For RapidClaw the deciding factor wasn't cost. It was the loop time on debugging. We were chasing a memory bug where an agent kept hallucinating a customer's preferred timezone. On a managed runtime I could see the final output and the tool calls, but not the actual sequence of memory reads the agent did before responding. Two days of poking later, Brandon stood up a small local runtime and we found it in twenty minutes — the agent was reading a stale snapshot because the memory write from the prior turn hadn't been flushed before the next read.

That's the kind of bug you can only catch when you can stop the world and look at it. Managed platforms are getting better at this, but "better" is not the same as "I can drop a print statement wherever I want."

The other thing that pushed us was the customer mix. Most of our customers want their agents running in their own VPC, on their own keys, talking to their own internal data. "Send your data to our SaaS" is a non-starter for them. So a self-hosted setup wasn't a nice-to-have — it was the product.

What self-hosting actually costs (the parts nobody warns you about)

Compute is the easy line item. Even the embarrassingly inefficient version of running five agents on a single mid-tier box costs less per month than one good lunch. That's not where the bill is.

Where the bill is:

Observability. You will reinvent some version of structured tracing for agent steps. Tool call in, model response out, memory delta, retry attempts, token counts. You can lean on OpenTelemetry, but the agent-shaped semantics are still yours to define. Budget two weeks the first time and another week every quarter to keep it honest.
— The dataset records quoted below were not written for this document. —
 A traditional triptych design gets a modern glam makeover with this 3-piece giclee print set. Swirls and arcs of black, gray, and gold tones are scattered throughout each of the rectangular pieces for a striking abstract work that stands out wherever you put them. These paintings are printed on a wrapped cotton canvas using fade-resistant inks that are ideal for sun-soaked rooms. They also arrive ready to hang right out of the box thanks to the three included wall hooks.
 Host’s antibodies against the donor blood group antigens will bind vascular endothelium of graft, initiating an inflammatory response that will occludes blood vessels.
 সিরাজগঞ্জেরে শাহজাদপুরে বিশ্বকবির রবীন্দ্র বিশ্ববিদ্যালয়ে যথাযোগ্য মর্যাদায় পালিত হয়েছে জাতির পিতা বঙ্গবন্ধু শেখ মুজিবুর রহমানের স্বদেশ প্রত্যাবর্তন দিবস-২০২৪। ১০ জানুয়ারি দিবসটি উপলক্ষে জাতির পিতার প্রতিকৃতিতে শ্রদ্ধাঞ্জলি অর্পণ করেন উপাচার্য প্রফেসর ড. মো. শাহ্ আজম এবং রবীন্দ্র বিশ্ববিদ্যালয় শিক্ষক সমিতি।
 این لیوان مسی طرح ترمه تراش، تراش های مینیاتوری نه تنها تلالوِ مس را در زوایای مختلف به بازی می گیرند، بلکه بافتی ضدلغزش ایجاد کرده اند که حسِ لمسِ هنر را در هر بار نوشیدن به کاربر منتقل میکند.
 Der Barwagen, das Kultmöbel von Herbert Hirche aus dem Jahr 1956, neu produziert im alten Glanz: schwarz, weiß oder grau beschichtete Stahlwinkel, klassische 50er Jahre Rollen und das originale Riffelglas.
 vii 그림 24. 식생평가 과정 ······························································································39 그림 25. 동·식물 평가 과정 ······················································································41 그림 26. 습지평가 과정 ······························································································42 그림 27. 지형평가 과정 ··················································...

Eval harness. Without a managed eval surface, you need to build the small, ugly version yourself. A folder of scenarios, a runner that hits each one, a diff viewer for outputs. It can be a hundred lines of Python. It cannot be zero lines of Python.

On-call. The first time an agent loops forever at 3am, you find out whether you have an on-call rotation. We didn't. Now we do. It's two people taking turns and a Pagerduty free tier, but it exists.
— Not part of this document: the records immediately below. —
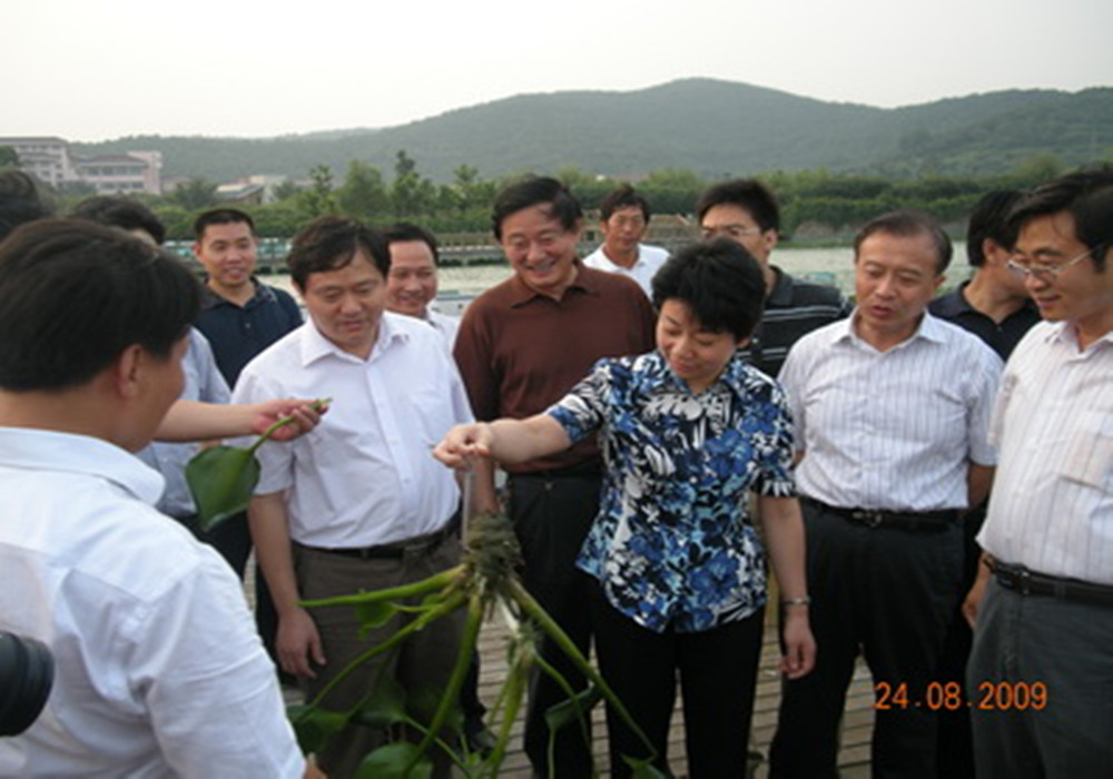 2009年8月24日,省委常委、副省長(zhǎng)黃莉新來(lái)到無(wú)錫市楊灣藻水分離站,省水利廳副廳長(zhǎng)陸桂華陪同檢查。無(wú)錫市水利局負(fù)責(zé)同志、廳水資源處負(fù)責(zé)同志陪同檢查。實(shí)地檢查藻水分離工程運(yùn)行,并聽(tīng)取有關(guān)情況匯報(bào)。
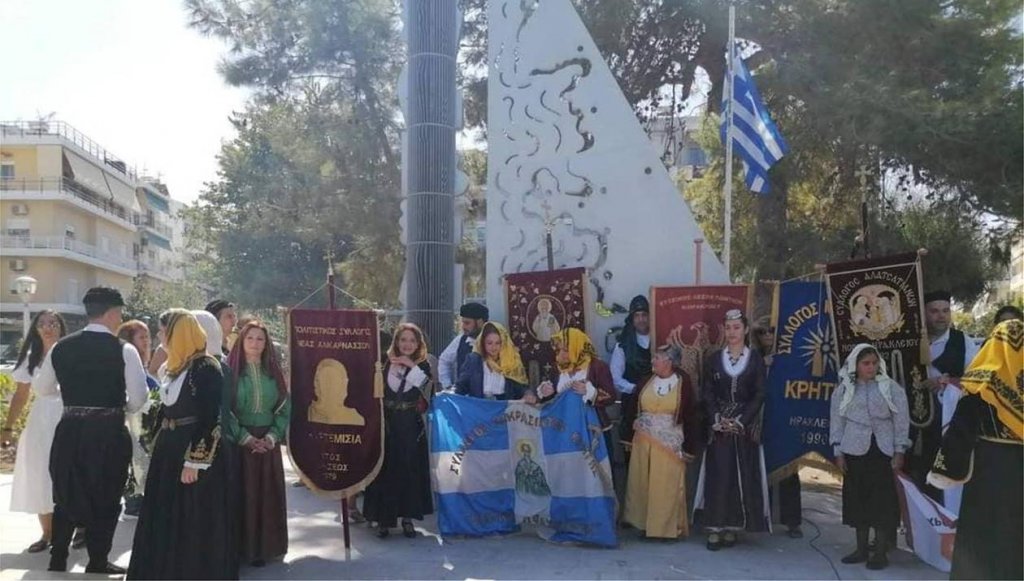 Στη συνέχεια με πομπή από τον Άγιο Μηνά όλοι πήραν τον δρόμο για το μνημείο στη συμβολή Κνωσού και Ιωνίας όπου μικροί και μεγάλοι, δεύτερες, τρίτες, τέταρτες ακόμα και πέμπτες γενιές Μικρασιατών κοίταξαν τον ουρανό για να «δουν» αυτούς που έφτιαξαν πριν ένα αιώνα μια νέα Ελλάδα, με τον «πηλό» του ανυπέρβητου πολιτισμού που είχαν δημιουργήσει σε μια γη αλησμόνητη και ελληνική από τα χρόνια των αρχαίων σοφών.
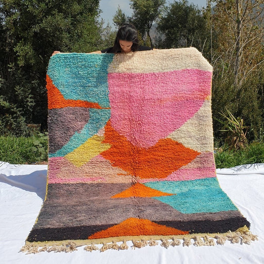 Pirioui - Tapis berbère coloré 5x8 fait main | 8x5 pieds | 2,5x1,5m | 100% laine
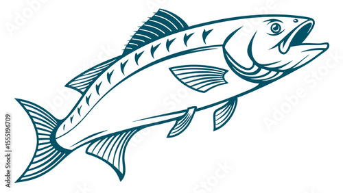 Stylized Illustration of a Jumping Fish with Detailed Fins.
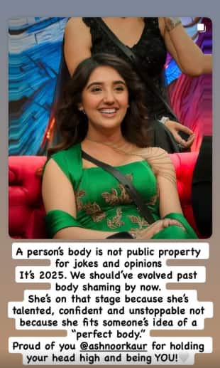 Taking to the Stories section of her Instagram handle, Jannat penned, “A person’s body is not public property for jokes and opinions. It’s 2025. We should’ve evolved past body shaming by now. She’s on that stage because she’s talented, confident and unstoppable not because she fits someone’s idea of a “perfect body”. Proud of you @ashnoorkaur for holding your head high and being You! (white heart emoji. (sic)”
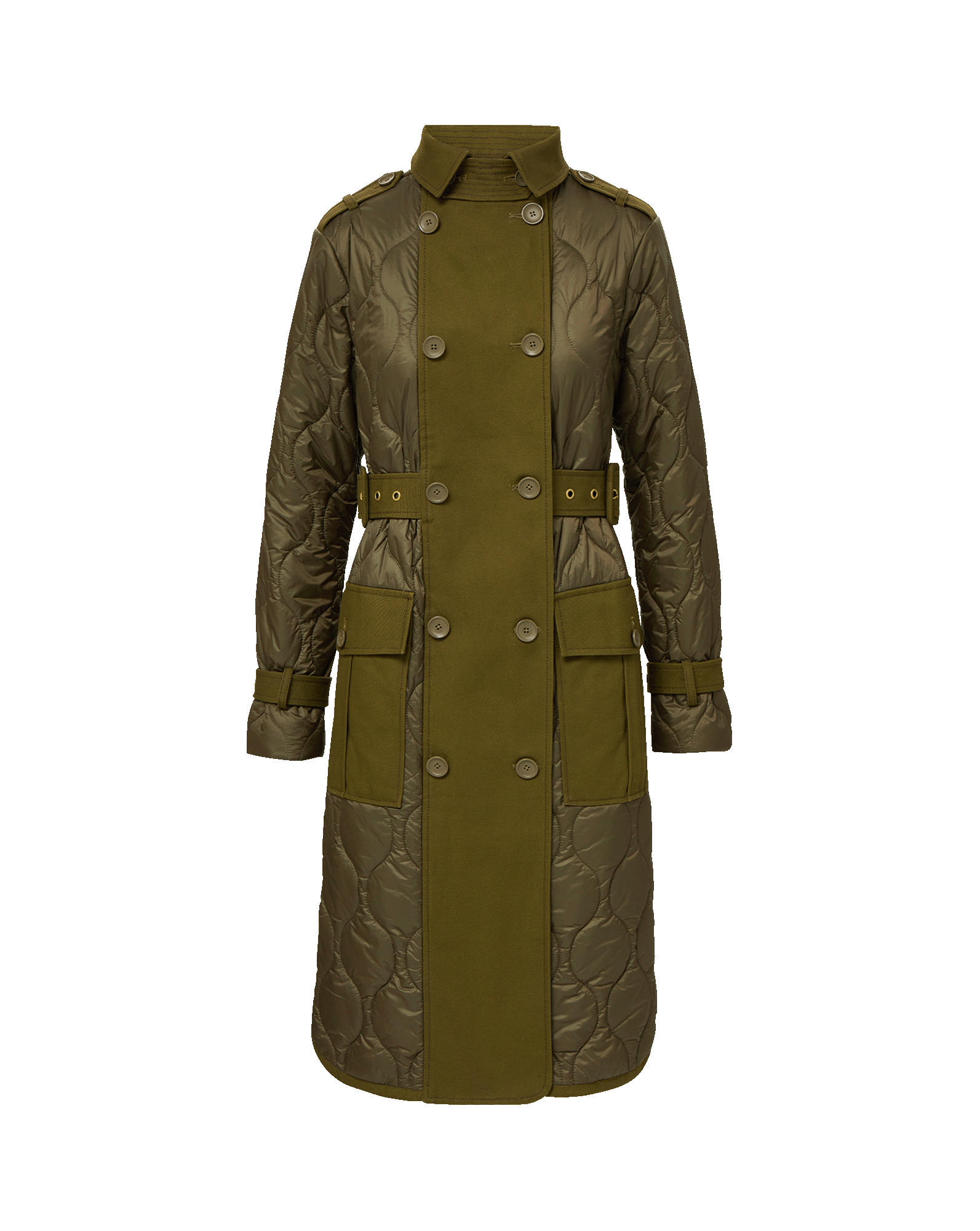 Product details The refinement of a trench coat meets the warmth of a puffer. The Newberry is crafted from premium lightweight nylon with a contrast cotton canvas collar and front placket. A single-breasted closure with additional side buttons creates the look of a double-breasted front, while a fitted waist and cutaway hem form a subtle A-line silhouette. A belted waist further defines the shape. A removable extra-long dickey—complete with a knit funnel neck and front zip—adds extra warmth and versatility. It’s a sleek staple you’ll reach for all season long. - 100% Polyamide; 100% Cotton Trim - Dry clean only - Style #2508OW8970372
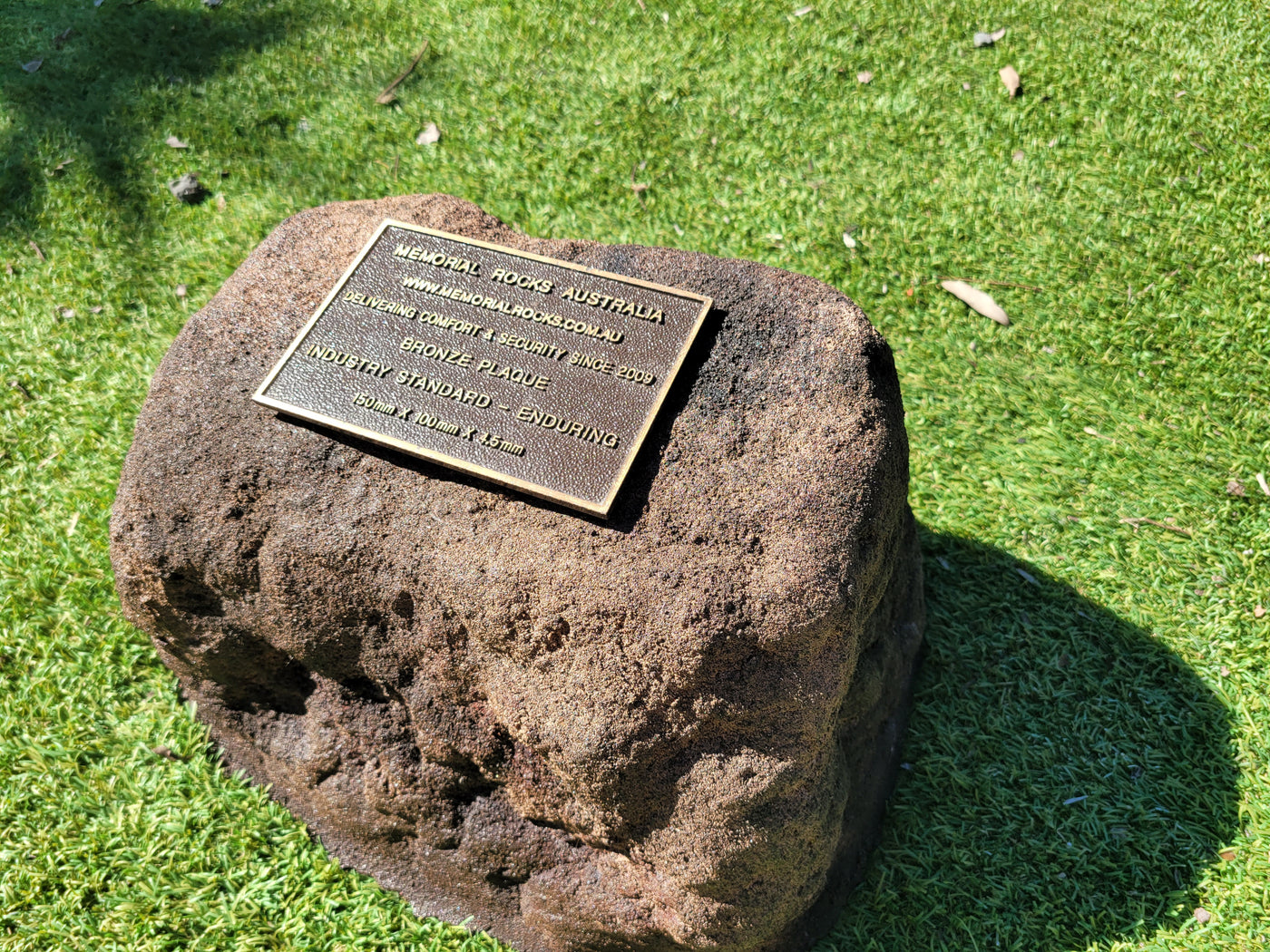 Memorial Rock Urns are a loving practical alternative for the safe keeping of a loved one's ashes. This Memorial rock has an incorporated flat space for up to a 180mm x 120mm x 4.5mm Plaque or our heart plaque. (200mm x 150mm) PLAQUE SOLD SEPARATELY The blue plastic standard Australian sized cremation urn seen in the pictures demonstrates the ...

Memory state, specifically. This is the one I underestimated most. Agents that hold any state across turns — which is most useful agents — turn small bugs in your memory layer into very weird behavior in the model layer. I now spend more time thinking about how memory is read, written, snapshotted, and pruned than I spend thinking about prompts. If I were starting again, I'd build the memory inspector before I built the second agent.
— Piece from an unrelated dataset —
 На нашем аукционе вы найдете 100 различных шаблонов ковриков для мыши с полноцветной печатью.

The middle path most people end up at

Almost no team I've talked to runs a pure managed or pure self-hosted setup for long. The shape that keeps emerging is: managed for the orchestration and the model gateway, self-hosted for the memory and the tool layer. You give up a little observability on the orchestration side, you keep all the observability on the parts where bugs actually live.

That hybrid is what we ended up shipping for our own customers. The agent dashboard runs as a managed service so people don't have to host a UI, but the agents themselves run wherever the customer wants — their cluster, their keys, their VPC. It's not the cleanest architecture story, and it took us longer than I'd like to admit to stop apologizing for it.

What I'd tell past-me

Three things, none of them clever:

Pick the option that makes your debugging loop shorter, not the one that makes your slide deck better. If you can't see why an agent did what it did, you don't have an agent — you have a wishing well.
Cap the number of concurrent agents at a number you can mentally model. For us that's five. For a bigger team it might be twenty. It is almost certainly not "as many as the platform supports."
Write the boring runbooks early. The retry policy, the memory snapshot policy, the rollback procedure. They feel like overkill until the first real outage, after which they feel like the only adult thing in the room.

If any of this is useful, or if you want to compare notes on what you've broken, I'd love to hear about it — the RapidClaw team is small enough that you'll get an actual human, probably me or Brandon.

We're still figuring this out. I just wanted to write down what we've found so far, while it still feels true.